'''

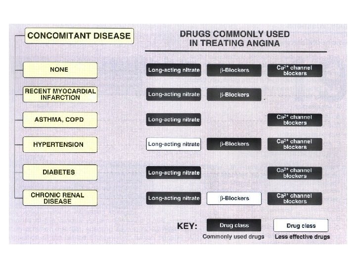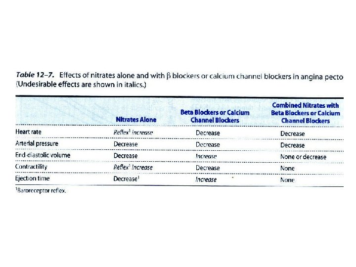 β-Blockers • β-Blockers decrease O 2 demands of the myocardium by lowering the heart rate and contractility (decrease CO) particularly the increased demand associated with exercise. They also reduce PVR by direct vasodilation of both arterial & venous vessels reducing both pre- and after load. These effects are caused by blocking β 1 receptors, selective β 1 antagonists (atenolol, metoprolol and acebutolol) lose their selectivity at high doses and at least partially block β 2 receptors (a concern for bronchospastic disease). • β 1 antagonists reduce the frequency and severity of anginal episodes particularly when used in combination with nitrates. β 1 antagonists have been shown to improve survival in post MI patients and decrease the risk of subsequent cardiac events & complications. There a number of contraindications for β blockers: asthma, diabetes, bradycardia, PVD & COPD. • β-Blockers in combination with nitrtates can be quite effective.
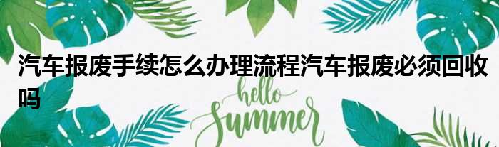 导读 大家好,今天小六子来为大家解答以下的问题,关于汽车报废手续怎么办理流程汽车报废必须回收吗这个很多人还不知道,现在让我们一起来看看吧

'''
'''

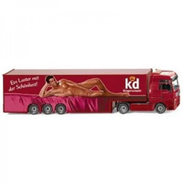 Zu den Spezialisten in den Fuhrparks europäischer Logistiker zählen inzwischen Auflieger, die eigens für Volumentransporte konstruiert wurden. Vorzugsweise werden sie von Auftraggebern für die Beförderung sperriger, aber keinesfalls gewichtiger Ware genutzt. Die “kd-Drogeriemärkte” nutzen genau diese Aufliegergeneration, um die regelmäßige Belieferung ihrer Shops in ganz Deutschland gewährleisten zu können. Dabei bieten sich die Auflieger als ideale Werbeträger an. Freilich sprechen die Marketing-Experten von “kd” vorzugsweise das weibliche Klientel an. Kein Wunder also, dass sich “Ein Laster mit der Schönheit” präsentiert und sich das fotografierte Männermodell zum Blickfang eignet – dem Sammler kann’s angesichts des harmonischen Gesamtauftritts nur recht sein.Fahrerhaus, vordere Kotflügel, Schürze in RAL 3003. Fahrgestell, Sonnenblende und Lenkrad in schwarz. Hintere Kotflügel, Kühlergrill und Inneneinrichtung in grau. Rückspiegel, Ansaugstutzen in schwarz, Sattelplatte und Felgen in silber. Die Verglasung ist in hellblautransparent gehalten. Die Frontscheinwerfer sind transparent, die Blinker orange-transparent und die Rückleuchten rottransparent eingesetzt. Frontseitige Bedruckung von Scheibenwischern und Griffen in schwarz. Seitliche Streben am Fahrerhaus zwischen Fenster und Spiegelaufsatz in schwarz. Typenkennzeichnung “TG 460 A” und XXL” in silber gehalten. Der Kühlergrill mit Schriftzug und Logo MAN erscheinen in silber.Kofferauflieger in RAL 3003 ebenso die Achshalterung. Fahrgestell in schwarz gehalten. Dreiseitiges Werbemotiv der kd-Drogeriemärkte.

'''

WHAT THE TASK REQUIRES:
Copy everything above from the line holding "β-Blockers • β-Blockers" down to the line holding "导读 大家好,今天小六子来为", both ends included, exactly as it stands and without the pictures.

SOLVED PROBLEM:
 β-Blockers • β-Blockers decrease O 2 demands of the myocardium by lowering the heart rate and contractility (decrease CO) particularly the increased demand associated with exercise. They also reduce PVR by direct vasodilation of both arterial & venous vessels reducing both pre- and after load. These effects are caused by blocking β 1 receptors, selective β 1 antagonists (atenolol, metoprolol and acebutolol) lose their selectivity at high doses and at least partially block β 2 receptors (a concern for bronchospastic disease). • β 1 antagonists reduce the frequency and severity of anginal episodes particularly when used in combination with nitrates. β 1 antagonists have been shown to improve survival in post MI patients and decrease the risk of subsequent cardiac events & complications. There a number of contraindications for β blockers: asthma, diabetes, bradycardia, PVD & COPD. • β-Blockers in combination with nitrtates can be quite effective.
 导读 大家好,今天小六子来为大家解答以下的问题,关于汽车报废手续怎么办理流程汽车报废必须回收吗这个很多人还不知道,现在让我们一起来看看吧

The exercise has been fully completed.